Publicacao/Comunicacao
Intimação - DESPACHO
CUMPRIMENTO DE SENTENÇA Nº 0026031-58.2018.4.02.5101/RJ
EXEQUENTE: CAIXA ECONÔMICA FEDERAL - CEF
EXECUTADO: TIBERIUS NUNES BENTO
ADVOGADO(A): JOSE MARDONIO ARAUJO (OAB RJ162521)
DESPACHO/DECISÃO
Ev. 276 - O executado TIBERIUS NUNES BENTO peticionou requerendo o desbloqueio do valor da verba penhorada através do SISBAJUD, na conta mantida junto ao Santander, na qual recebe valores referentes ao seu salário por meio de portabilidade bancária, juntando o Termo de Autorização para Transferência de Recursos da Conta Salário Bradesco para a conta do Banco Santander e extratos bancários. Sendo assim, há de se observar o disposto no art. 833, IV do CPC, in verbis:
Art. 833. São impenhoráveis:
IV - os vencimentos, subsídios, soldos, salários, remunerações, proventos de aposentadoria, pensões, pecúlios e montepios, bem como as quantias recebidas por liberalidade de terceiro e destinadas ao sustento do devedor e sua família, os ganhos de trabalhador autônomo e os honorários de profissional liberal, ressalvado o §2º;’’
Cumpre ressaltar o entendimento do TRF da 2ª Região, segundo o qual a impenhorabilidade dos salários abrange a quantia depositada em conta diversa da conta salário, desde que comprovada a portabilidade bancária e a natureza alimentar da verba. Nesse sentido:
PROCESSO CIVIL. SISBAJUD. VERBA NATUREZA ALIMENTAR. CONTA SALÁRIO. IMPENHORABILIDADE.
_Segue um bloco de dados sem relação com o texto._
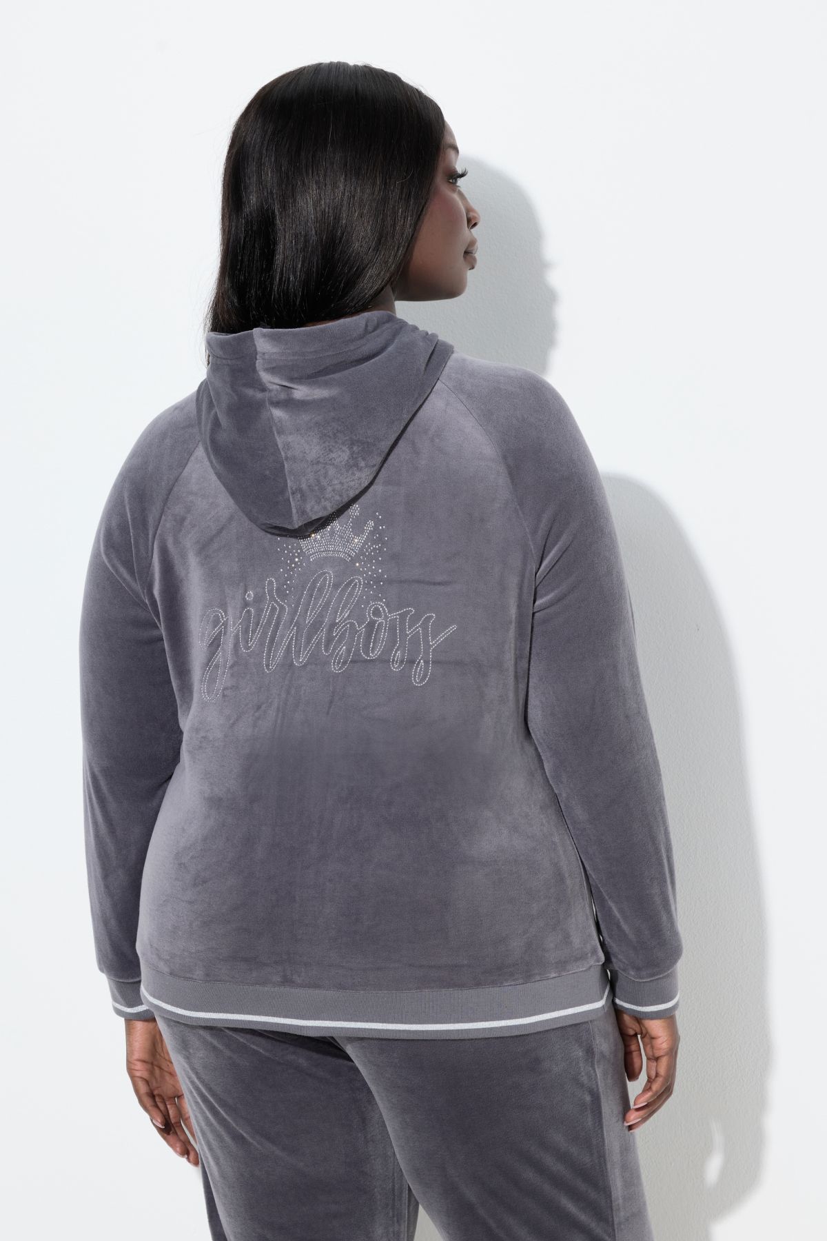 Супер удобна и приятно мека, изработена от велур, бродерия Girlboss с декоративни камъчета на гърба, маншети с блестящи райета, джоб тип кенгуру, ръкави и подгъв с оребрени маншети, дължина, регулирана по размер, приблизително 64-72 см.

Trata-se de agravo de instrumento interposto contra decisão que indeferiu o desbloqueio de valores penhorados na conta do executado/agravante, através do sistema Sisbajud, por entender que não houve a comprovação da relação entre a conta bloqueada e o depósito do salário. Nos termos do art. 833, IV, do CPC, são impenhoráveis as verbas salariais, com o fim de assegurar a subsistência do devedor e de sua família. Houve a penhora de verba salarial, pois os valores expressos nos contracheques do agravante correspondem exatamente aos valores transferidos mensalmente para o Banco Original S.A., confirmando as alegações de portabilidade do salário depositado pela sua empregadora no Banco Itaú Unibanco S.A., para o Banco Original S.A. Ademais, a tentativa de bloqueio judicial perante o Banco Itaú Unibanco S.A. não obteve êxito, o que corrobora com a afirmação de portabilidade do salário. Assim, a decisão agravada violou o artigo 833, IV, do CPC, restando presente, ainda, o perigo de dano, tendo em vista que parte do valor bloqueado possui natureza alimentar, pois decorrente de verba salarial. Agravo de instrumento provido.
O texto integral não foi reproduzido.